One winter's night, Jane encounters Rochester, returning home.
The two are immediately drawn to one another. But as Jane grows
to love Rochester, she begins to suspect that the house and its
master harbour a dark secret.
The musical was conceived by Paul Gordon, an L.A. based songwriter,
while browsing through a paperback kiosk at the Los Angeles airport
on New Year's Day, 1991. Reading the backs of various great classics,
the fifth or sixth synopsis he read was Jane Eyre, and
he was immediately intrigued by the Gothic overtones of Charlotte
Bronte's classic love story. With the help of Anthony Crivello,
who played Rochester in the Toronto premiere, Gordon put together
a demo tape and sent it off to librettist John Caird. Although
Caird was skeptical at first, the two began toying with the project
over the next few years.
Jane Eyre celebrated its world premiere at Toronto's
Royal Alexandra Theatre on December 3, 1996. It then moved to
the La Jolla Playhouse in San Diego, California, and on December
10, 2000, the show opened on Broadway with Marla Schaffel as
"Jane Eyre," James Barbour as "Edward Rochester,"

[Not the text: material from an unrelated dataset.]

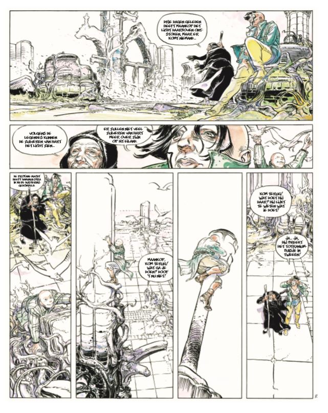 Maankop verscheen voor het eerst begin jaren 1999 in het beroemde stripblad (À suivre)/Wordt Vervolgd. Het verhaal speelt zich af op het eiland Damanuestra waar de bevolking gebukt gaat onder het juk van een dictator en zijn vrouw. Tot overmaat van ramp wordt het eiland geteisterd door gigantische golven die niets heel laten op hun weg. Maar de golven lijken geen vat te hebben op één persoon - een man zonder stem en zonder gezicht. De radeloze bevolking ziet in de golventemmer hun redder. Maankop is een ambitieuze vertelling waarvan het scenario zijdelings ook de geschiedenis van de twintigste eeuw overspant. Het betekent de start van twintig jaar vruchtbare samenwerking tussen François Boucq en Alejandro Jodorowsky, twee reuzen van de Negende Kunst. Eerste samenwerking van vele tussen Jodorowski en Boucq (Bouncer), twee reuzen van de Negende Kunst. Een gelaagd en maatschappijkritisch verhaal. De verhalen De onzichtbare kathedraal, De sluitsteen en Het ei van de ziel worden gebundeld in 2 integrales met een uitgebreid dossier.

and Mary Stout as "Mrs. Fairfax." The production was
directed by librettist John Caird, a Tony Award winner for Les Misérables and Nicholas
Nickleby. The set was designed by John Napier, a five time
Tony Award winner and designer of Les Misérables,
Cats and Miss
Saigon. Costumes were designed by Britain's Andreane
Neofitou, designer of Les Misérables and Miss
Saigon. And the lighting was designed by Chris Parry, a Tony
Award winner for The Who's Tommy and Tony nominee for
Les Liaisons Dangereuses.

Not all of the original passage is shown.